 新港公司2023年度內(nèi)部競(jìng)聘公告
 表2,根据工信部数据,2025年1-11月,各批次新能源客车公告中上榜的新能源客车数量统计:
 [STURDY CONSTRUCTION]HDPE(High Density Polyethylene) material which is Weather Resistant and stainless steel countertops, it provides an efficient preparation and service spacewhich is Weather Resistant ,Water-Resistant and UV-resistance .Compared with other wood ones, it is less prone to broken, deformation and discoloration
--
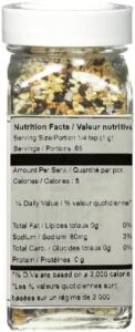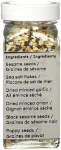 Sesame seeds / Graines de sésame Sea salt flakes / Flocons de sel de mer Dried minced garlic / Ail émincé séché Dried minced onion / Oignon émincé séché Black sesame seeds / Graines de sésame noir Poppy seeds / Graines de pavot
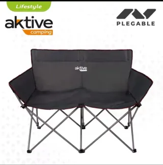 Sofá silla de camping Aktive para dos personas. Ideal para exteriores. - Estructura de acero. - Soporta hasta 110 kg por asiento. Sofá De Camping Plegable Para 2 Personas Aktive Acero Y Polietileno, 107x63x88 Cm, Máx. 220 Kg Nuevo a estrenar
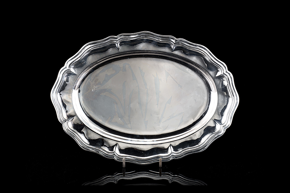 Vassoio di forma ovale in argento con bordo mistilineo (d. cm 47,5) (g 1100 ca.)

Work task>
Everything from the line containing "新港公司2023年度內(nèi)部競(jìng)聘公告" through the line containing "[STURDY CONSTRUCTION]HDPE(High Density" in the material above should be retyped exactly, both ends included, and nothing more.

Answer for the task>
 新港公司2023年度內(nèi)部競(jìng)聘公告
 表2,根据工信部数据,2025年1-11月,各批次新能源客车公告中上榜的新能源客车数量统计:
 [STURDY CONSTRUCTION]HDPE(High Density Polyethylene) material which is Weather Resistant and stainless steel countertops, it provides an efficient preparation and service spacewhich is Weather Resistant ,Water-Resistant and UV-resistance .Compared with other wood ones, it is less prone to broken, deformation and discoloration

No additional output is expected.